Von: Ivd
Bozen – Der lvh hat kürzlich gemeinsam mit hochkarätigen Fachexperten ein Webinar organisiert, das die Mitgestaltungsmöglichkeiten beim Gemeindeentwicklungsprogramm in den Mittelpunkt stellte.
Ein reger Austausch aus politischer, technischer und wirtschaftlicher Sicht prägte das Webinar zum Gemeindeentwicklungsprogramm. Hochkarätige Referenten wie Rechtsanwalt Paul Lintner, Andreas Schatzer, Bürgermeister von Vahrn, Heinrich Ferretti, Präsident der Südtiroler Freiberufler, Angelika Wiedmer Perkmann, Sprecherin der Arbeitsgruppe Gemeindepolitik im lvh, sowie lvh-Präsident Martin Haller, lvh-Vizepräsident Hannes Mussak und lvh-Direktor Walter Pöhl diskutierten mit zahlreichen Orts- und Bezirksobleuten über die Weichenstellungen für die zukünftige Gemeindeentwicklung.

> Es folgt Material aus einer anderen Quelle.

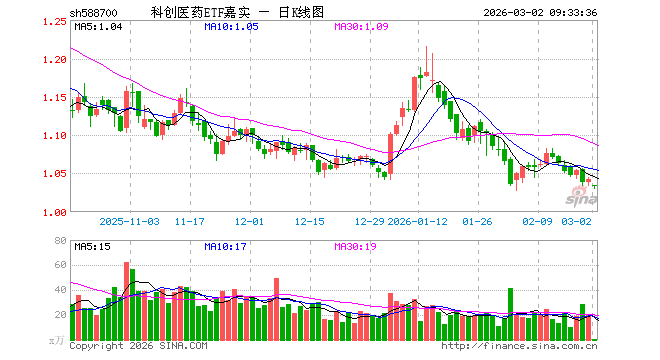 3月2日,科创医药ETF嘉实(588700)开盘跌0.67%,报1.035元。科创医药ETF嘉实(588700)重仓股方面,联影医疗开盘跌1.68%,百济神州跌1.51%,艾力斯跌0.77%,百利天恒跌1.52%,惠泰医疗跌1.73%,君实生物跌2.35%,泽璟制药跌2.44%,华大智造跌1.41%,博瑞医药跌0.90%,荣昌生物跌0.68%。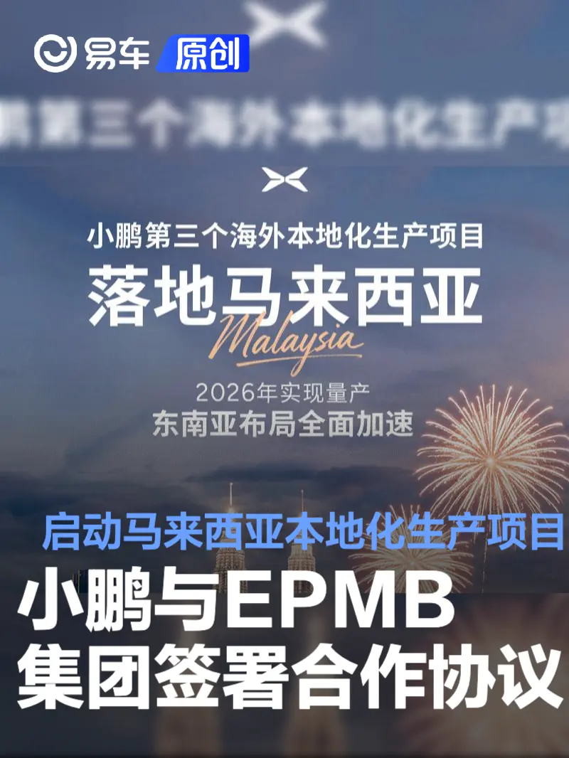 小鹏与EPMB集团签署合作协议 启动马来西亚本地化生产项目 2025-12-15 14:35 来源:汽车产经网 作者:易车原创报道 举报 易车讯 12月15日,小鹏汽车与马来西亚EPMB集团签署合作协议,正式启动马来西亚的本地化生产项目。这是继印尼、奥地利之后,小鹏在全球布局的第三个本地化生产项目。按计划,项目将于2026年实现量产,旨在打造服务整个东盟右舵车市场的战略枢纽。 今年1-10月,小鹏汽车成功跻身马来西亚当地纯电品牌销量前六;其中,小鹏X9在9月拿下马来西亚高端电动MPV销量冠军。 未来,小鹏汽车将进一步推动东南亚的本地化战略,为区域消费者提供更优质的产品与服务。

Im Mittelpunkt stand das neue Landesgesetz für Raum und Landschaft. Wie Rechtsanwalt Lintner erläuterte, zielt dieses auf die Einschränkung des Bodenverbrauchs ab, die Sicherung der Arbeits- und Lebensqualität, die Stärkung der Wettbewerbsfähigkeit der Gemeinden, die Aufwertung bestehender Bausubstanz und die Förderung von leistbarem Wohnraum. Zentrales Instrument ist dabei das Gemeindeentwicklungsprogramm, ein strategisches Dokument mit einer Laufzeit von mindestens zehn Jahren. „Wer sich jetzt nicht einbringt, hat später kaum mehr Möglichkeiten für Änderungen“, so Lintner.
Martin Haller betonte die große Bedeutung des Gemeindeentwicklungsprogramms für die Gemeinden: „Hier werden die Weichen gestellt für künftige Erweiterungen und Neuansiedlungen von Handwerksbetrieben.“ Angelika Wiedmer Perkmann unterstrich die Rolle des Handwerks: Handwerkerinnen und Handwerkern sollten frühzeitig den Dialog mit den Gemeindevertretungen suchen, um praxisnahe Lösungen zu entwickeln.
Praxisberichte lieferten Andreas Schatzer und Heinrich Ferretti. Schatzer schilderte die gemeindeübergreifende Vorgehensweise von Vahrn gemeinsam mit Brixen, Natz-Schabs und Franzensfeste und hob die Bedeutung der Bürgerbeteiligung hervor: „Wer nichts sagt, ist später oft am lautesten unzufrieden.“ Ferretti verwies darauf, dass die Abgrenzung der Siedlungsgebiete entscheidend sei, da sie den Gemeinden den notwendigen Handlungsspielraum sichere.